The space between {flatbread with figs, prosciutto + gorgonzola}


I had lunch with a friend the other day—we’ve been friends for over 20 years and have witnessed many chapters of each others’ lives. Currently we’re both finding ourselves in new chapters (perhaps new stories altogether). He’s already made progress in his new story while I still have a mostly blank page before me, with only the title written. Since he’s a few steps ahead I listened intently during lunch at Mumbles, a local, neighborhood kind of place where everyone seemed to know each other—a place to meet friends for drinks at happy hour or enjoy a leisurely lunch as we did.

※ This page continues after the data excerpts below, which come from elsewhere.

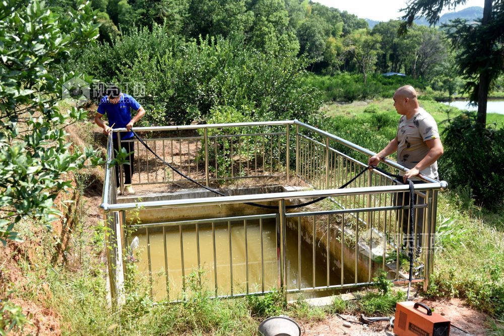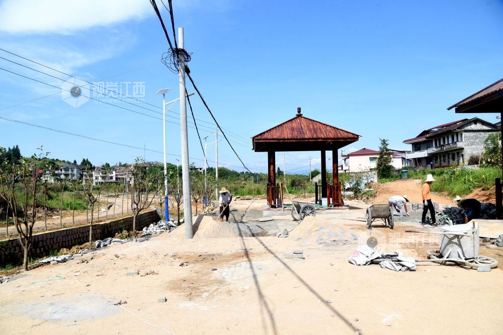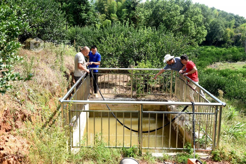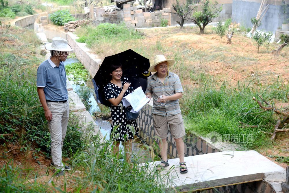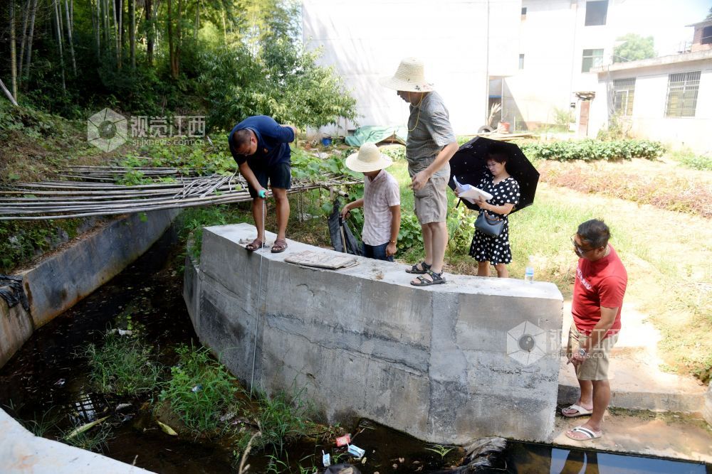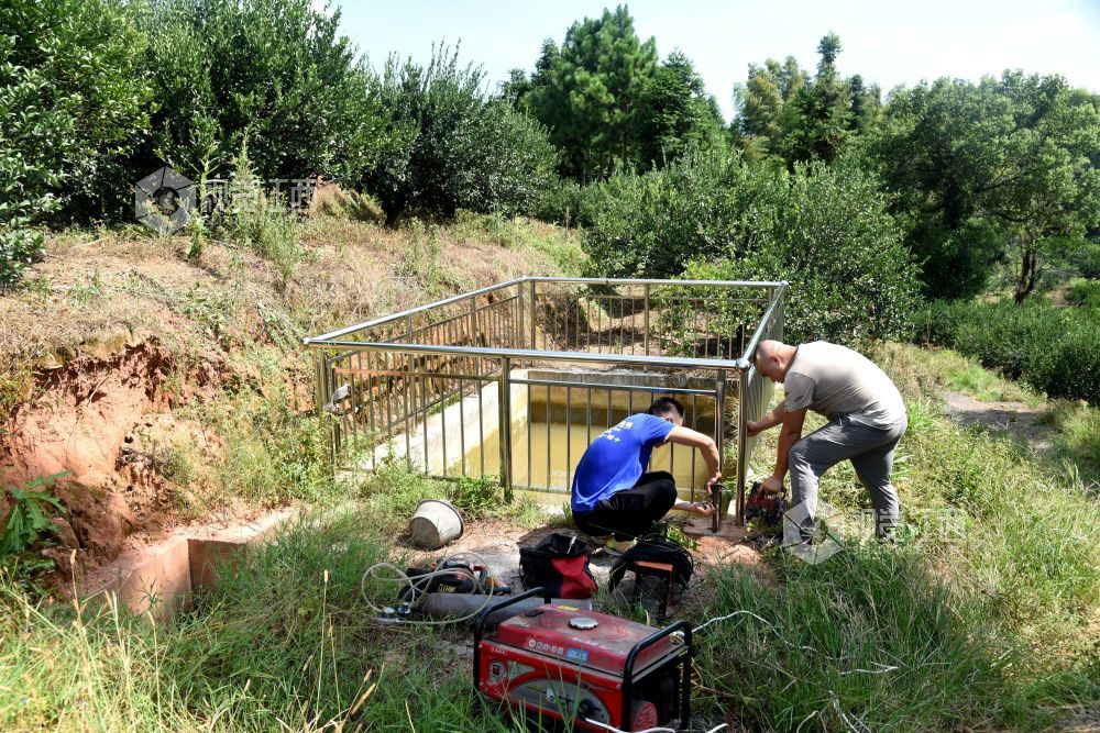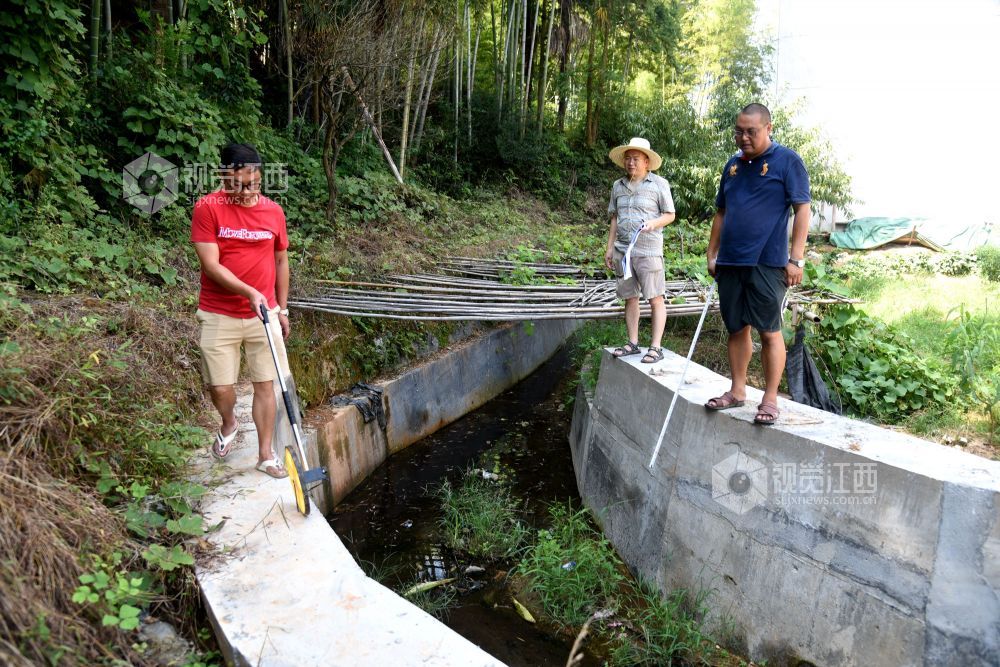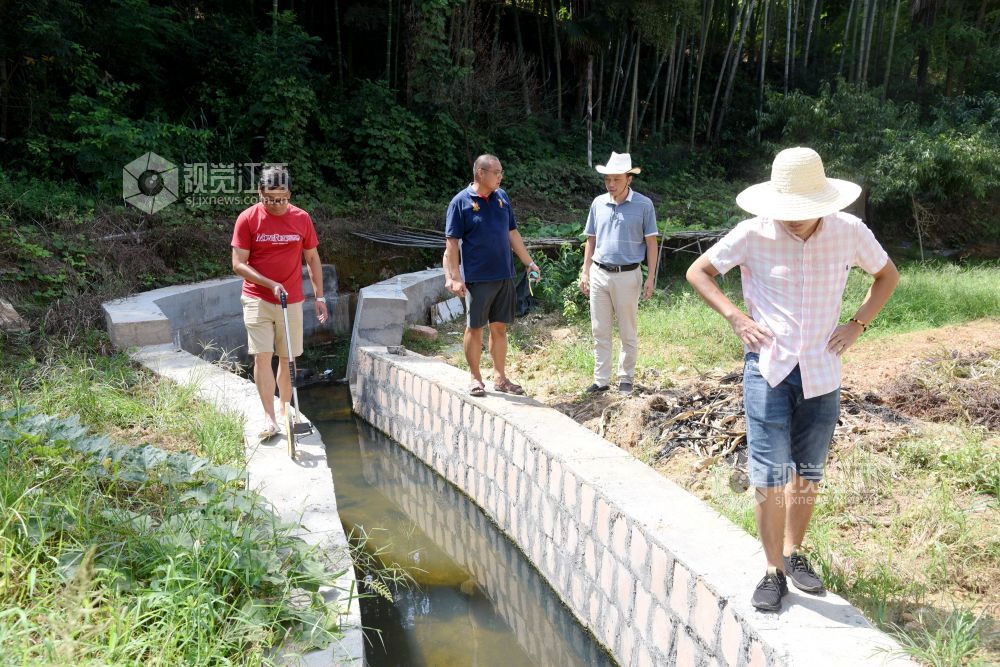 2021年8月26日,江西省抚州市南丰县国家水土保持重点项目曾家丰生态清洁小流域综合治理施工现场,工人们和技术人员在进行施工和验收。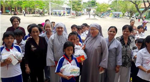 Trước đó, ngày 7/9/2017, Ni Trưởng cũng đã về trường tiểu học Rạch Đào, Mỹ Lệ, Cần Đước, Long An phát 50 phần quà, mỗi phần quà trị giá cũng 200.000 đồng.
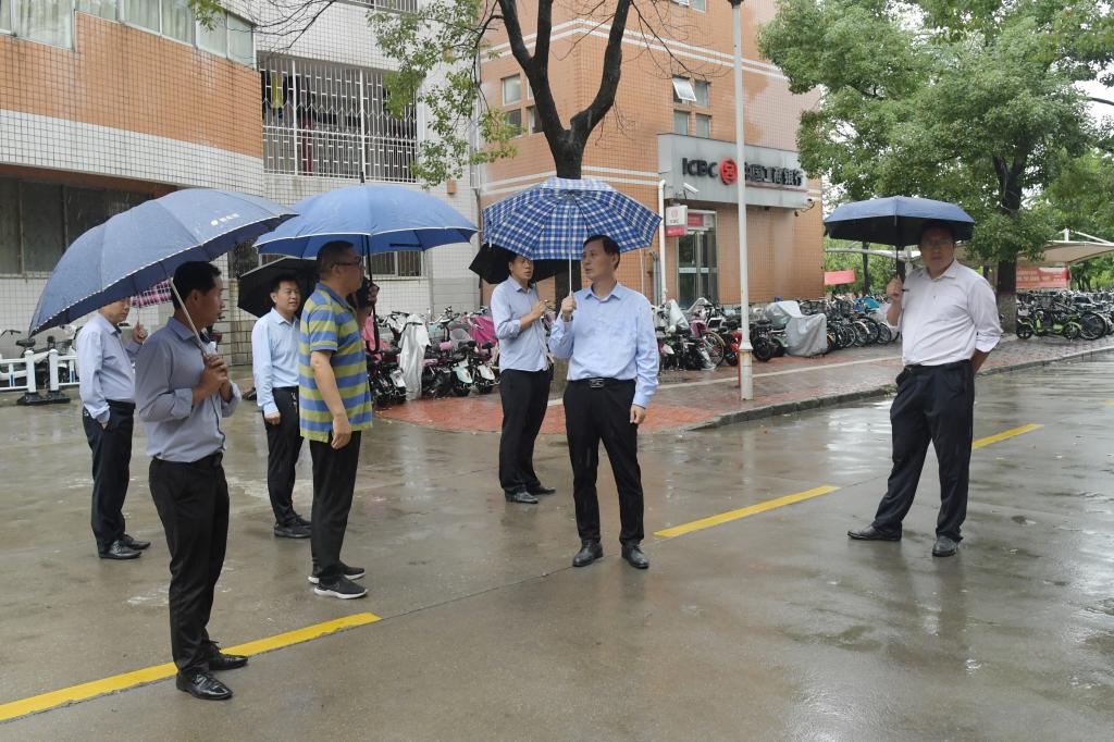 本网讯(通讯员 王静/文 付中慧/图)9月19日上午,副校长熊新忠冒雨对新葡的京官网防汛工作和开学前各项准备工作进行检查督导,后勤管理与服务中心负责同志陪同。

Over Artisanal beer, glasses of sangria, sliders, arugula salad with shrimps and flatbread with gorgonzola and figs, which are currently in season, we chatted about our children and lives. Instead of dwelling on “what’s next?” I feel at ease with “what is.”

We’re both in the space between one way of life and a different one. It’s nice to know old friends stick around no matter what phase we’re in.

After having lunch at Mumbles I was inspired to make the flatbread with figs and gorgonzola at home. You’ll love the creamy, earthy, pungent combination. I picked up fresh figs at Fairway and gorgonzola cremificato, an Italian blue from Lombardy, at Murray’s Cheese.

You can serve this as an appetizer or main course. If you can’t find fresh figs and want to use dried ones, place them in water for about 20 minutes, then remove the stems and slice.

Mumbles is located at 179 3rd Avenue between 16th + 17th Streets.

Flatbread with figs, prosciutto + gorgonzola


  • 6oz pizza dough
  • 3oz gorgonzola
  • 2oz fresh figs (sliced)
  • 1oz prosciutto di Parma (finely sliced)
  • 10 sage leaves (lightly fried (over medium heat in about 1 tablespoon of olive oil))


Pre-heat oven to 350 degrees Farenheit. On a lightly floured surface, roll the dough until you have, roughly, a 12” x 5” rectangular shape. Bake for 5 minutes, then remove from oven.

Top with crumbled gorgonzola cheese and chopped figs. Cook for an additional 5 minutes until crisp and golden— and the cheese has melted.

Slice into 8 pieces and transfer to a serving plate. Top with the prosciutto and the fried sage leaves. Drizzle with extra virgin olive oil.